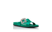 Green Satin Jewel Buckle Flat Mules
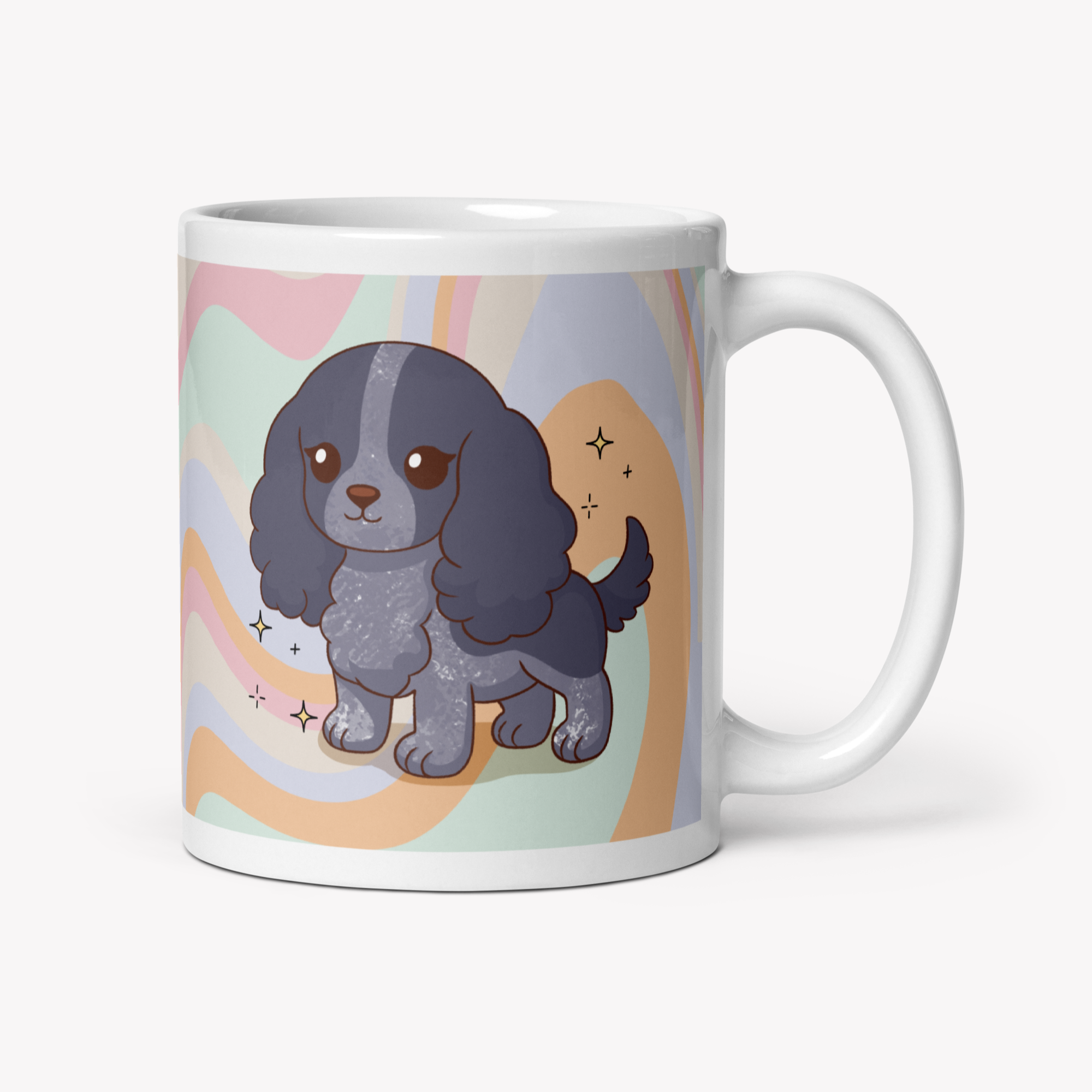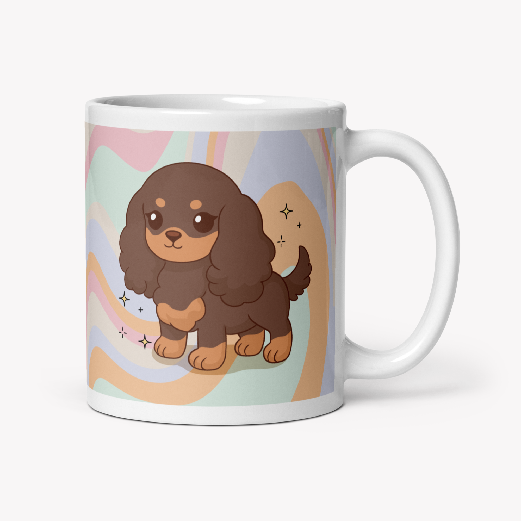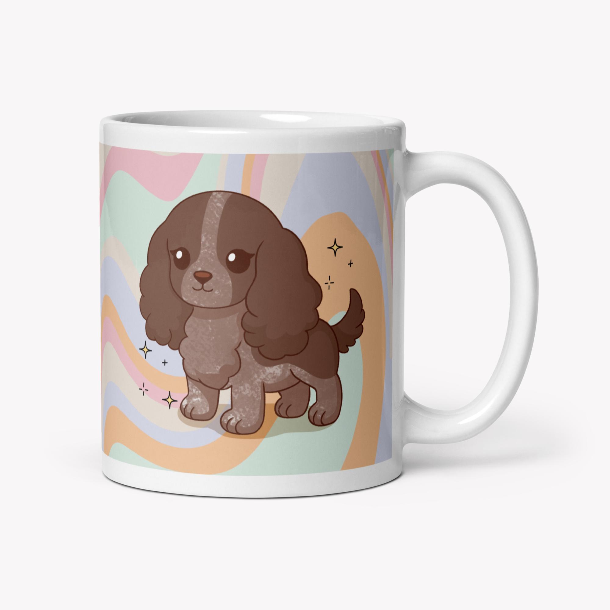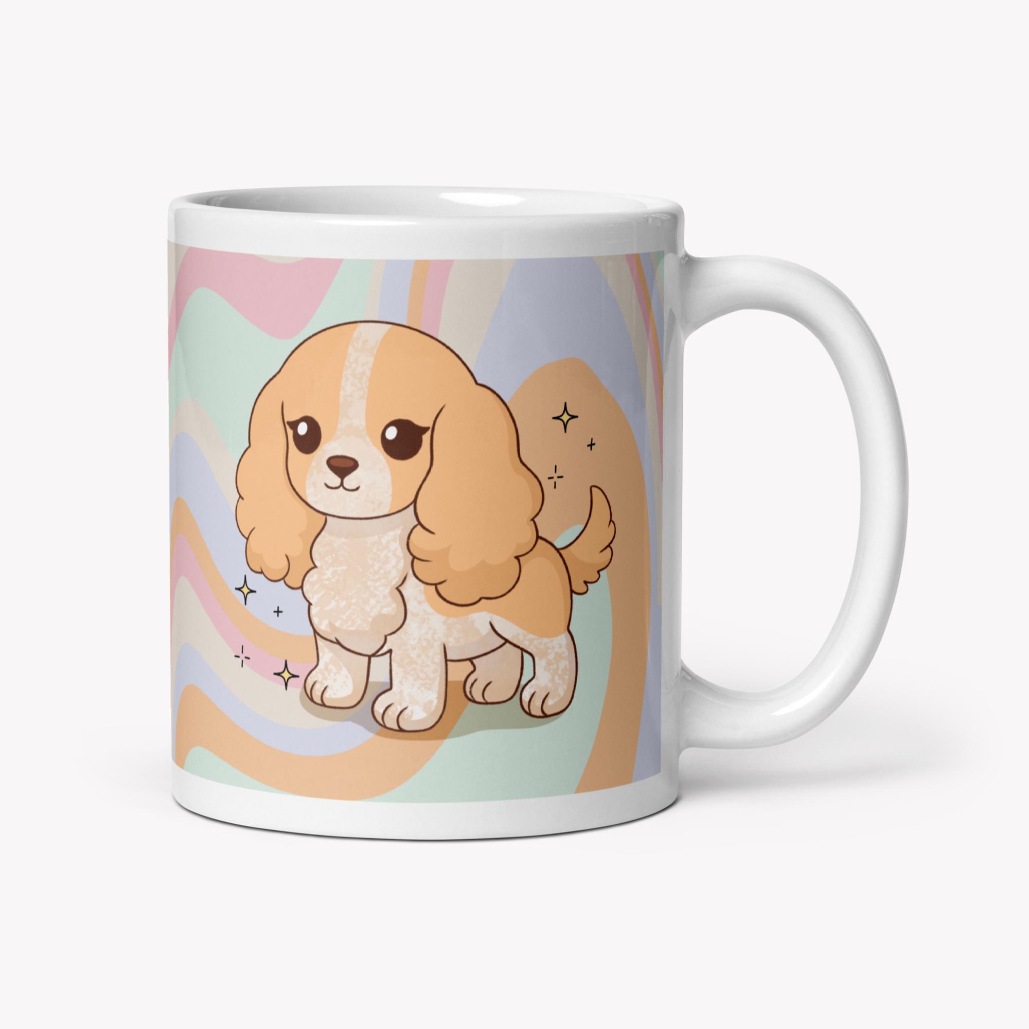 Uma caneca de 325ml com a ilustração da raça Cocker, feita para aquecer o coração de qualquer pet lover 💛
---
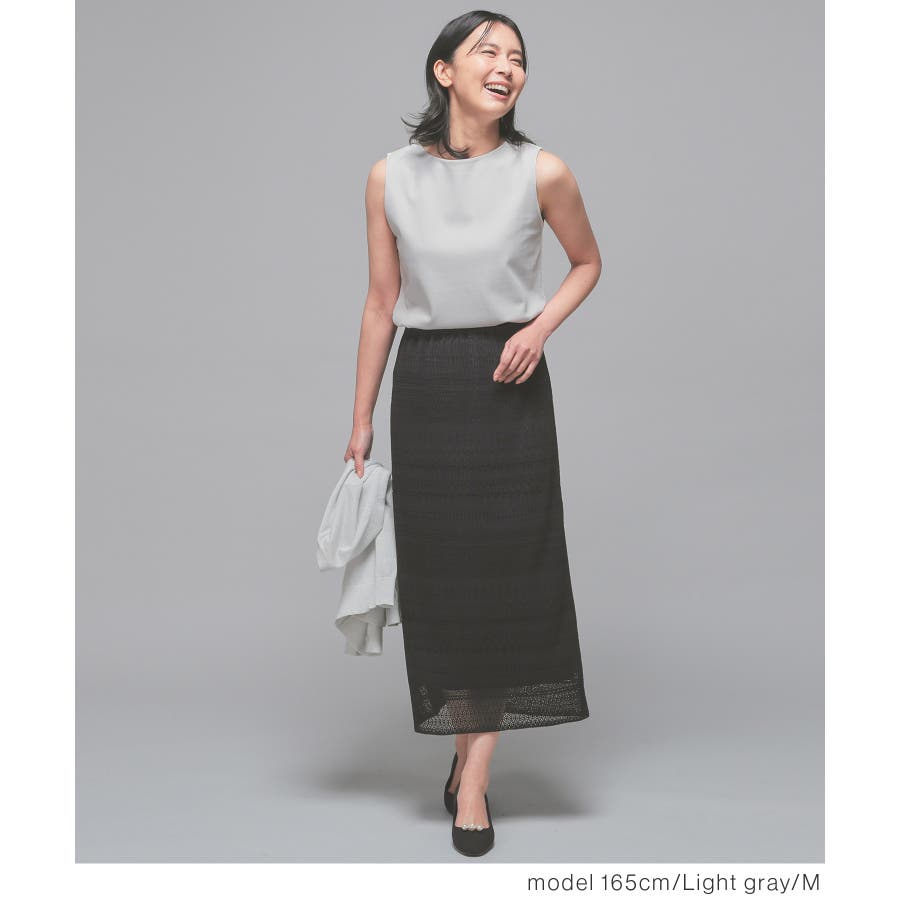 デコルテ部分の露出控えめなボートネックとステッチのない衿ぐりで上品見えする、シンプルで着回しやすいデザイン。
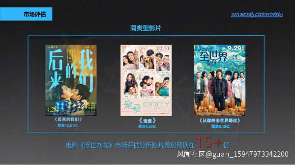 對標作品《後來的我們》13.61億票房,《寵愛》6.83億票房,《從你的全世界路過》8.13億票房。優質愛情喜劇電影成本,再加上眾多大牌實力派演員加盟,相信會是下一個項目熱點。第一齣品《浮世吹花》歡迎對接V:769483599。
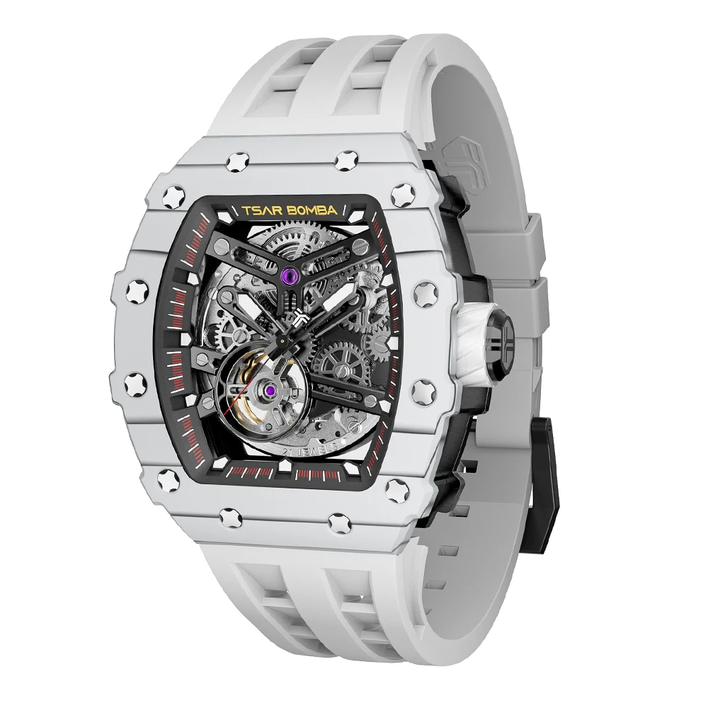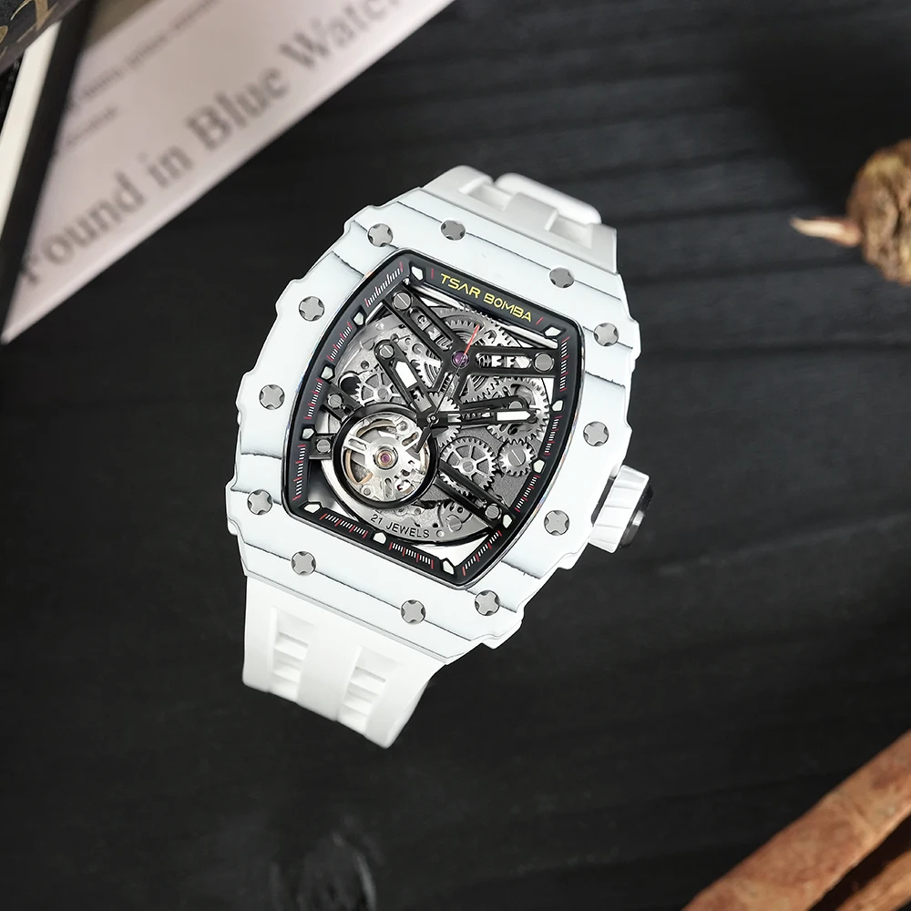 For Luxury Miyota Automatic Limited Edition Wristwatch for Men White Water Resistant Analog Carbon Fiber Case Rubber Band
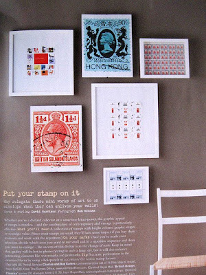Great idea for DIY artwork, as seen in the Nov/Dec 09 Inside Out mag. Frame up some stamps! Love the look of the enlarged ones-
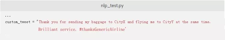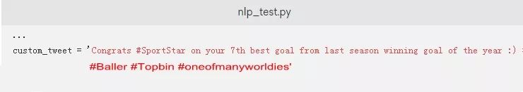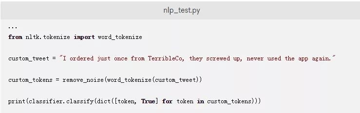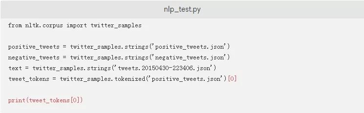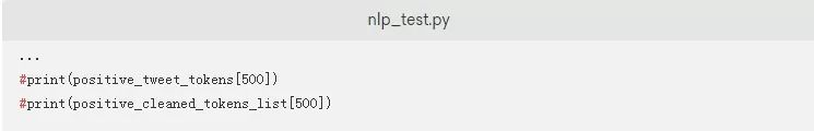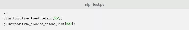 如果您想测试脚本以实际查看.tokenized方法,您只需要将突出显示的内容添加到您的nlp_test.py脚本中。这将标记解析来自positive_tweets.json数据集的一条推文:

- [Task goal]: Only the lines of the listing above from the one with "Green Satin Jewel Buckle Flat Mules" through the one with "Uma caneca de" should be output, exactly, with both ends kept and pictures left out.

- [Task solution]:
 Green Satin Jewel Buckle Flat Mules
 Uma caneca de 325ml com a ilustração da raça Cocker, feita para aquecer o coração de qualquer pet lover 💛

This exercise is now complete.